*Information given*.
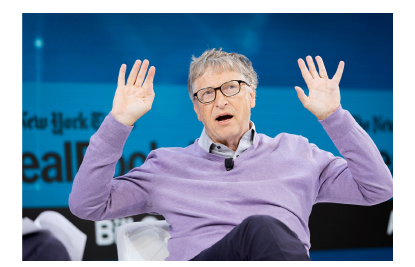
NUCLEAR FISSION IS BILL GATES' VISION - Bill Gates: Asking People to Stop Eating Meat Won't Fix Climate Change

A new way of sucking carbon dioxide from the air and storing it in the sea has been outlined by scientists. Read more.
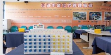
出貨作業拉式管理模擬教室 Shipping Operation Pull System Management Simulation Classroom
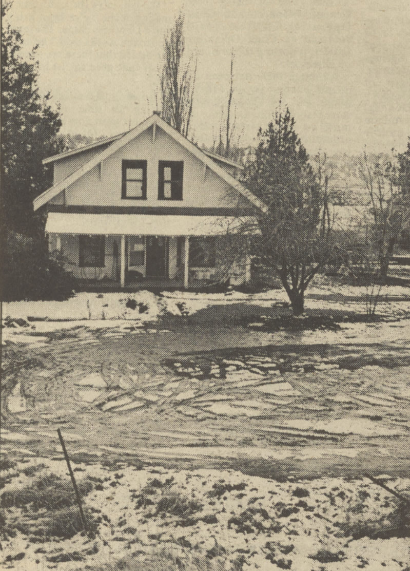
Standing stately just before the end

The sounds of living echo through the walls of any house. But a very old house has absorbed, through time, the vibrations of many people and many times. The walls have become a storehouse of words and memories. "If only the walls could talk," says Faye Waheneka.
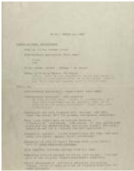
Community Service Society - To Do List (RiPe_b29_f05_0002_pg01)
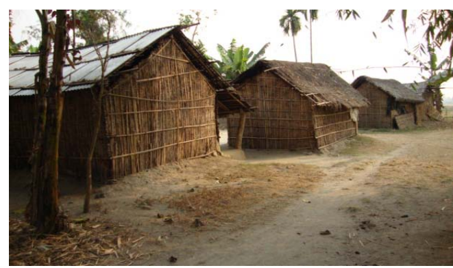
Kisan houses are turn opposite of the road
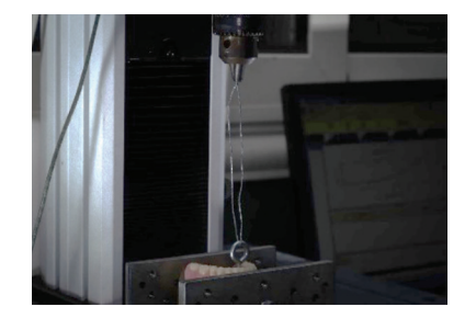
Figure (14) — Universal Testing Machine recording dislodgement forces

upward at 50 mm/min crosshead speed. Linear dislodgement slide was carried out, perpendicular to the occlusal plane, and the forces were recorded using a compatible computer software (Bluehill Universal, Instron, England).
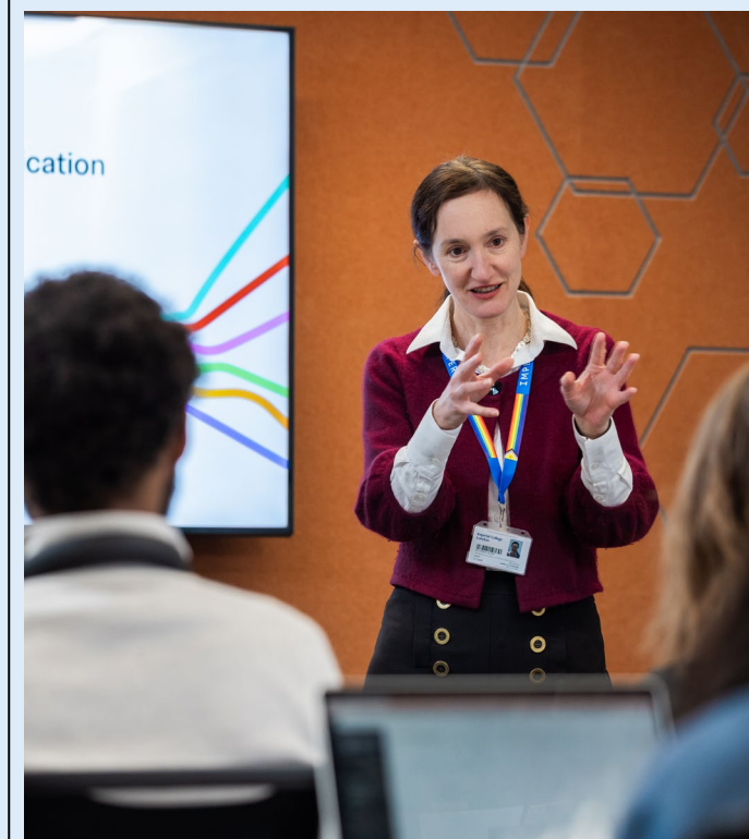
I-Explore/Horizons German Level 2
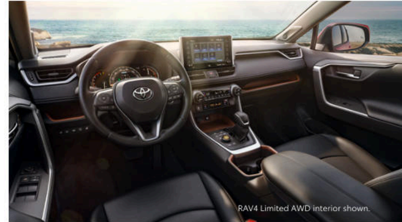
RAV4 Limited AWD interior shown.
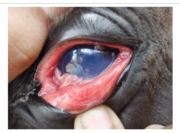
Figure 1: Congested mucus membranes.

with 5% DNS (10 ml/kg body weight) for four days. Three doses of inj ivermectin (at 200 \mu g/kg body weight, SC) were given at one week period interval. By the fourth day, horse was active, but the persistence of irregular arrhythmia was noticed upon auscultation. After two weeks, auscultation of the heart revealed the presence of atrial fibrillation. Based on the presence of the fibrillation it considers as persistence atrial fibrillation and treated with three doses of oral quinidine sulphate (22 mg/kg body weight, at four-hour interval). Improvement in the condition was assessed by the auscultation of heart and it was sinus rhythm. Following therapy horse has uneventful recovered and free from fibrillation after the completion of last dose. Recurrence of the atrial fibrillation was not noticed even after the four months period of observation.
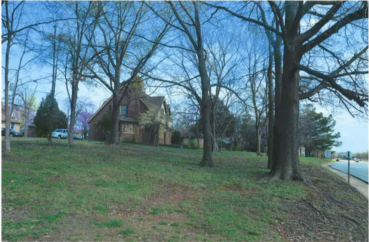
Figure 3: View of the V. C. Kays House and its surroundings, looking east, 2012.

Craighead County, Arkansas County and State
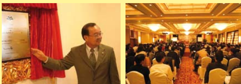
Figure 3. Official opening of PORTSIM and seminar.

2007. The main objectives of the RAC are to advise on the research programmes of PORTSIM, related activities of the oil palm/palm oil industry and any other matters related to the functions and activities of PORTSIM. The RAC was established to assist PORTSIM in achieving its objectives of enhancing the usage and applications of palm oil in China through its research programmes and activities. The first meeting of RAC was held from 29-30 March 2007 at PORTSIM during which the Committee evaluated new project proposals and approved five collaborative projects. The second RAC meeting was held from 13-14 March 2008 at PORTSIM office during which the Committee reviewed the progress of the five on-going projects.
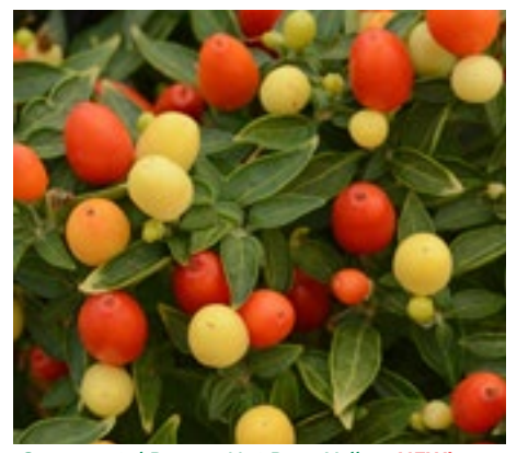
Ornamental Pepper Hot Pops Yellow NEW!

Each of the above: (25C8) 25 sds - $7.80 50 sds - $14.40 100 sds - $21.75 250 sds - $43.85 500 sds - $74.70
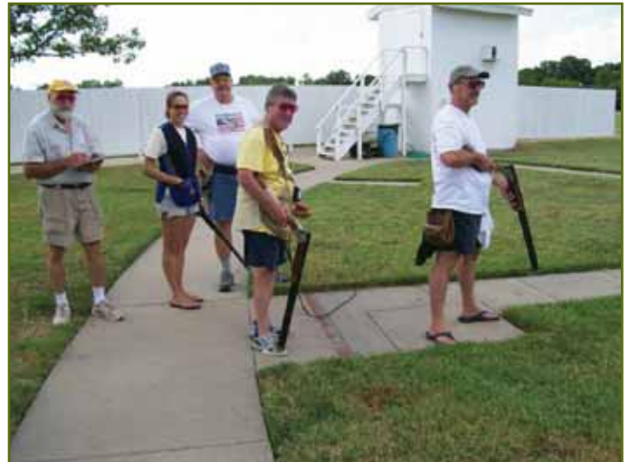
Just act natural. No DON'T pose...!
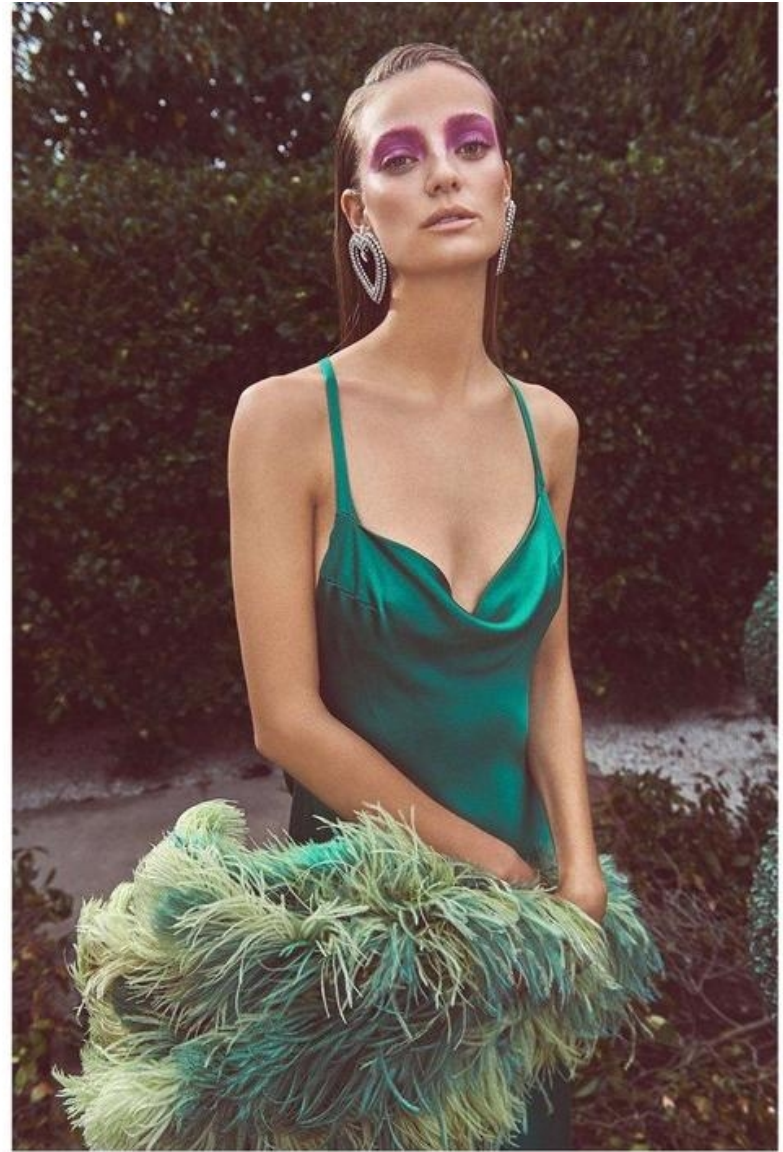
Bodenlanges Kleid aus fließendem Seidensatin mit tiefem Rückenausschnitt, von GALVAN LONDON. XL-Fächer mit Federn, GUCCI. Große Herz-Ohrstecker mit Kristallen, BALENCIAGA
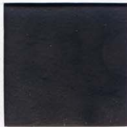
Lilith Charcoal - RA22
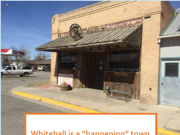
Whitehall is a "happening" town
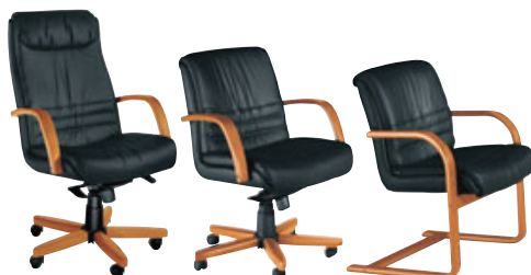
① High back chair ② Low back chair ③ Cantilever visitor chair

*What is needed*. Determine the number of lines in the listing that contain the string "PORTSIM". Write that number and nothing else.

*Answer box*. 2